The issue of menstruation was a critical point, yet neither the defense nor the prosecution wished to emphasize it. Joe Howard set the tone, writing with uncharacteristic vagueness of the blood spot, “The defense claim, for reasons not necessary to publish . . . that this blood is natural.” During Assistant Marshal Fleet’s testimony, Robinson introduced the subject of the toilet pail in the cellar and said: “It is agreed that the pail contains the napkins which had been worn within a day or two by the defendant—ordinary monthly sickness—and as to that fact that is all we propose to put in. We do not care to go into the details. It is also agreed that the sickness ended Wednesday night.” Robinson was content to let that fact explain the bloody towels soaking in the cellar toilet pail as well as the spot of blood on Lizzie’s inner skirt and to move quickly on. But the prosecution’s reluctance to explore the issue was surprising. Menstruation, according to medical experts, made women vulnerable to criminal impulses. When Doherty began to describe the pail of bloody towels found during his search of the cellar, Moody curtly interrupted, “Pass from those.” Even Borden’s suspicious nocturnal visit to the cellar the night after the murders, recounted by Officer Hyde earlier that day, was largely assumed to be related to her “monthly illness.” Despite the potential significance of the evidence, the men all let the matter drop; they averted their gaze from the contents of the pail as if it would require staring into the abyss.

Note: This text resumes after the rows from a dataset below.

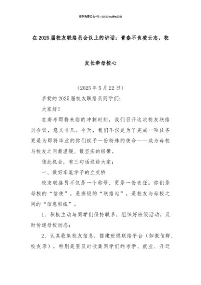 【七哥公文】2025年:【七哥公文】在2025届校友联络员会议上的讲话:青春不负凌云志,校友长牵母校心+更多免费公文+VX:QiGeGongWen2024+更多免费公文+VX:QiGeGongWen2024
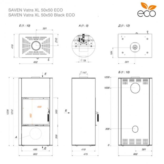 Peć na drva samostojeća SAVEN VATRA XL 50X50 BLACK ECO (8,0 Kw)
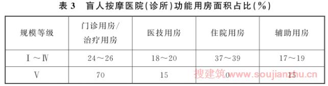 第二十五条 盲人按摩医院(诊所)房屋建筑各功能用房建筑面积所占总建筑面积比例宜符合表3的规定。
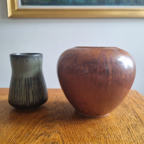 1 stk Saxbo vase i brunlige farver.
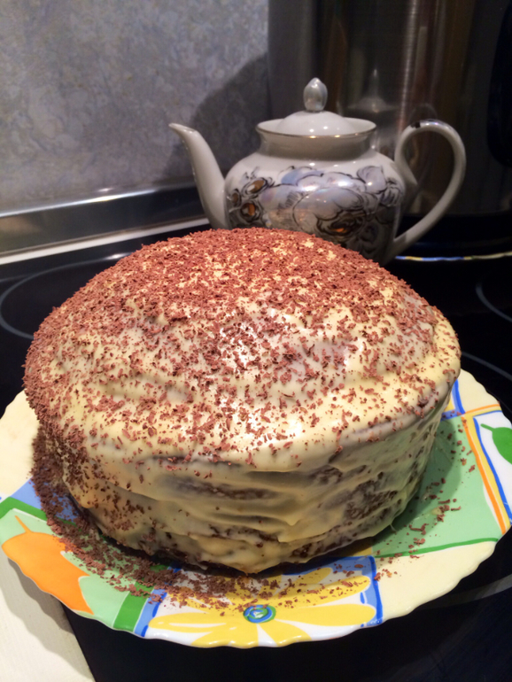 Сегодня на супер скорую руку замесила, спекла, нарезала на коржи и, пока они остывали на лоджии, смешала крем ( сгущ/масло) и, собственно, смазала и слепила тортик))
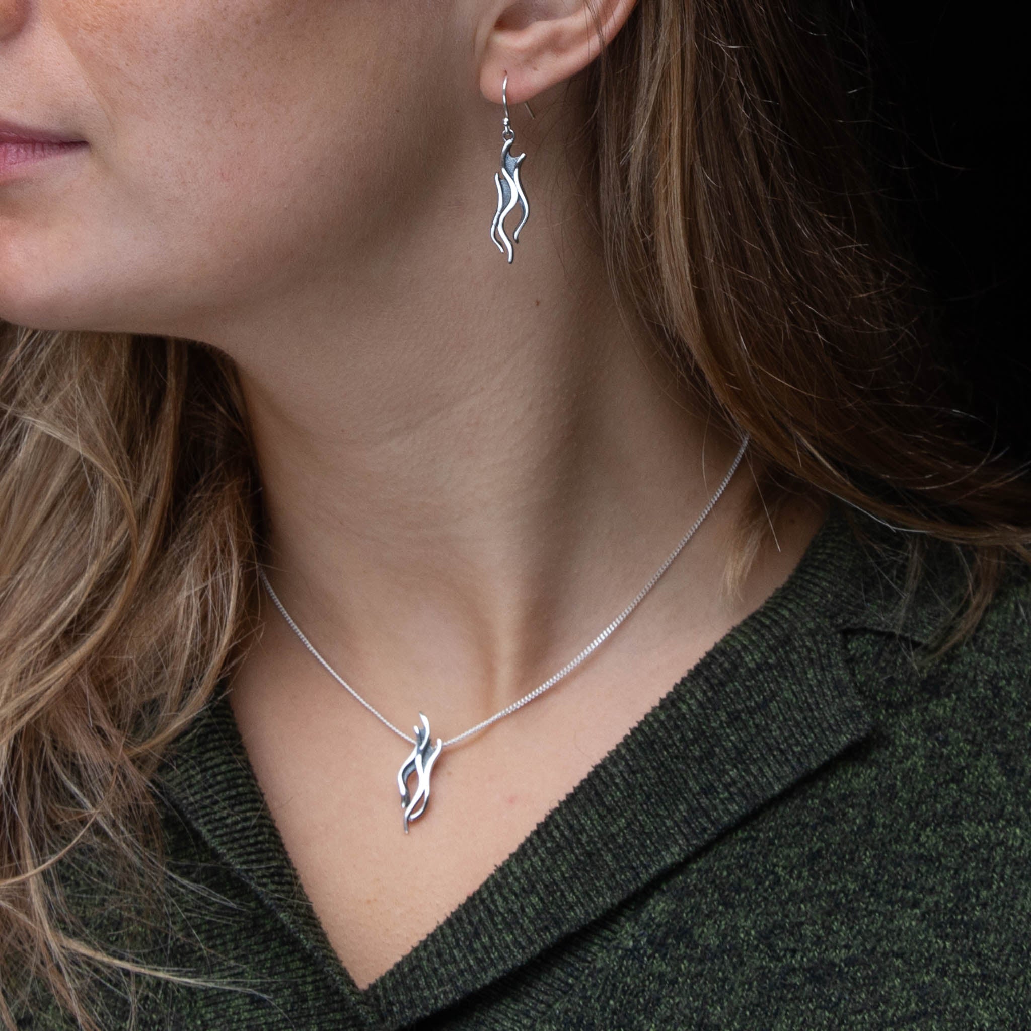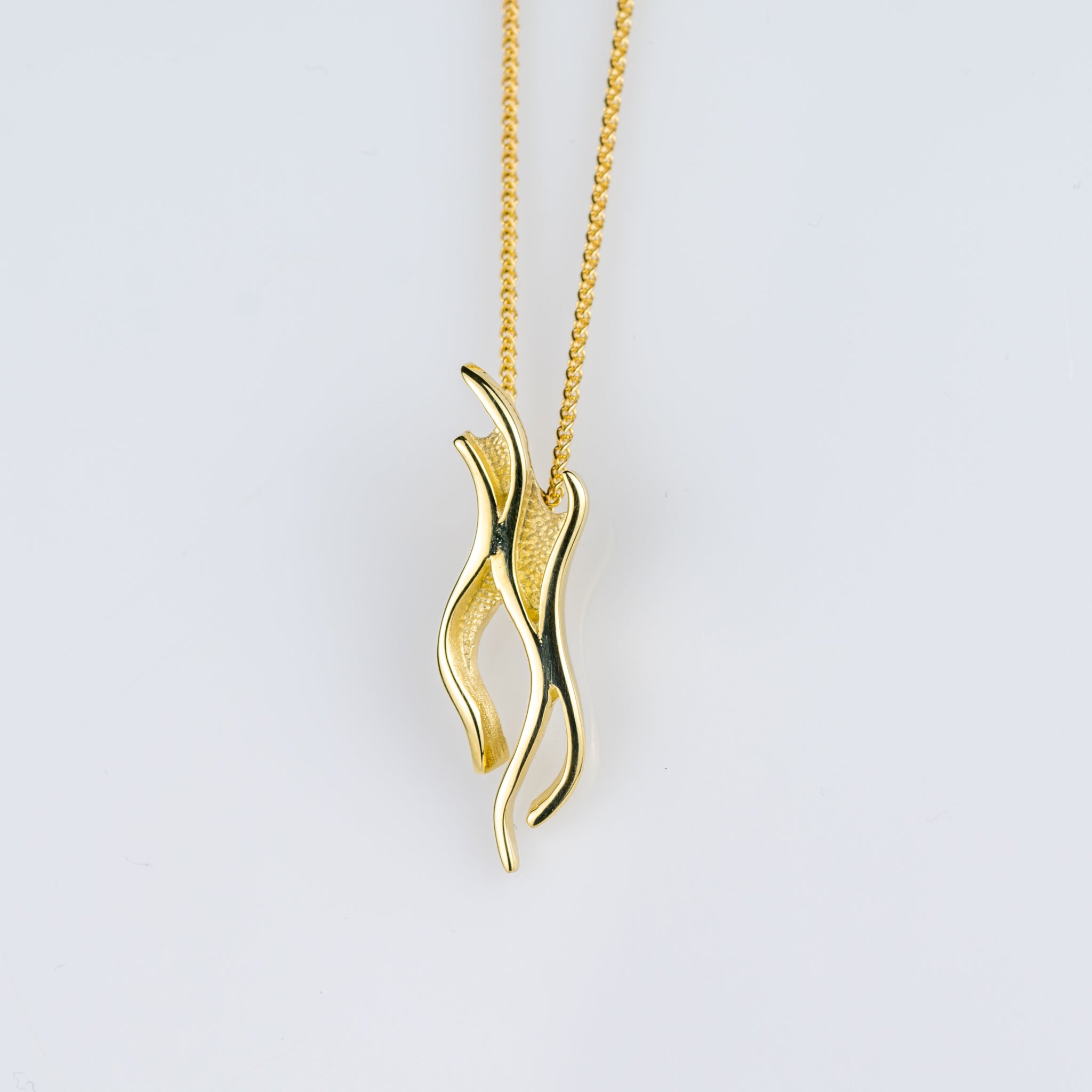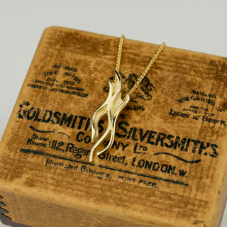 The dainty gold Dancer pendant is crafted with recycled solid 9ct yellow gold. In a wave pattern, it evokes the shimmer of the 'merry dancers,' creating a stunning piece of jewellery.
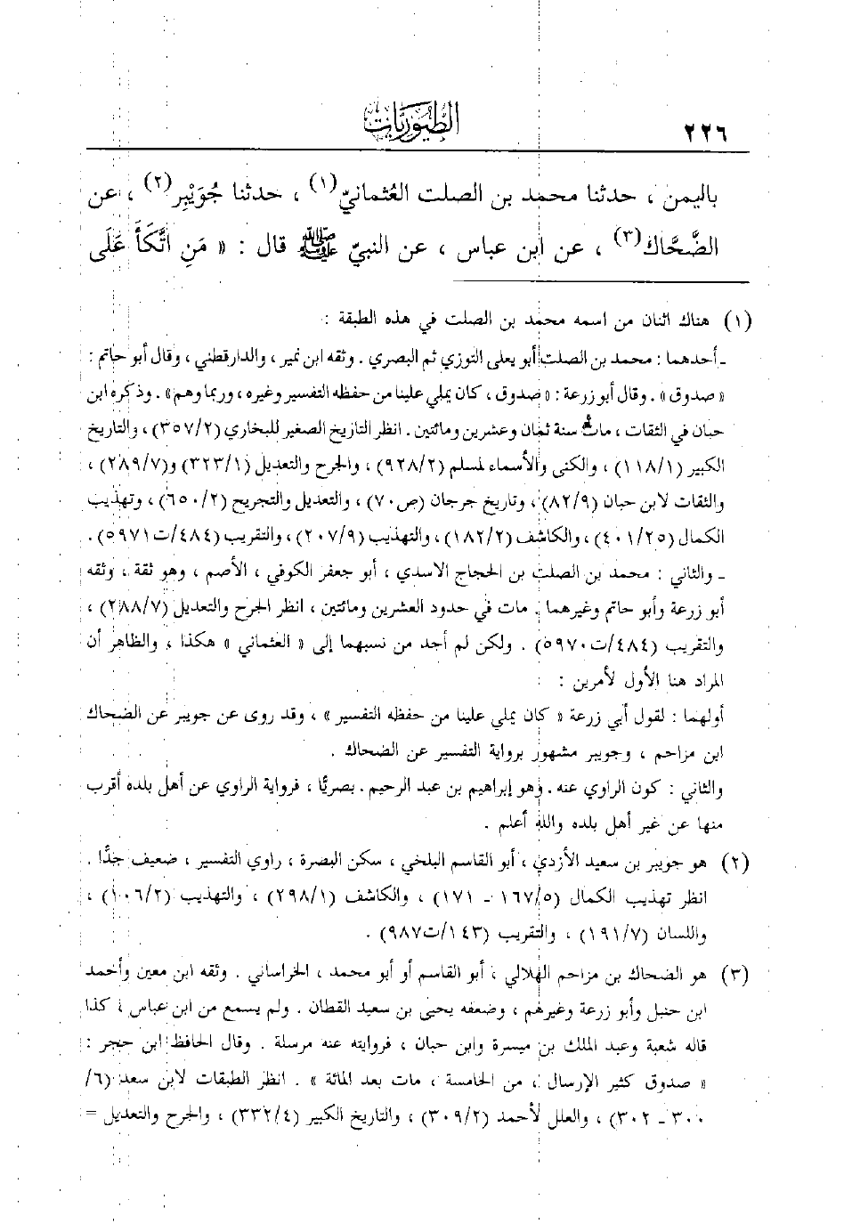 بِالْيَمَنِ، حَدَّثَنَا مُحَمَّدُ بْنُ الصَّلْتِ العُثمانيّ (¬1) ، حَدَّثَنَا جُوَيْبِر (¬2) ، عَنِ الضَّحَّاك (¬3)

Though neither side wished to explore the bloody contents of the pail, they were quite happy to discuss blood spatter. The defense sought to make the crimes as bloody as possible—given the lack of blood found on Lizzie. But Wood was initially unhelpful. He insisted that, given the nature of the blows, blood “might spatter in any direction and might not spatter in every direction.” So perhaps the assailant would not have been covered with blood. On cross-examination, Adams methodically worked through the likely scenarios to demonstrate that the murderer could not have avoided blood spatter. Wood agreed that, if Andrew’s assailant had been standing behind him, then “I don’t see how he could avoid being spattered” above the waist. Also, if one assumed the assailant stood astride Abby, there would have been blood spatter over the lower part of the body. Like Dolan before him, then, Wood finally agreed that the murders were a bloody affair. By the end of the day, Howard expressed his frustration with the medical witnesses: “Witness after witness goes over the same story, describes that with which the jury are nauseatingly familiar, proving again and again facts about which there is no dispute, that the Bordens are dead, that they were brutally murdered, that there was blood all over the place, that they had eaten a mild and moderate breakfast, all of which was found in their several intestinal parts, some digested and some not—and that’s all.”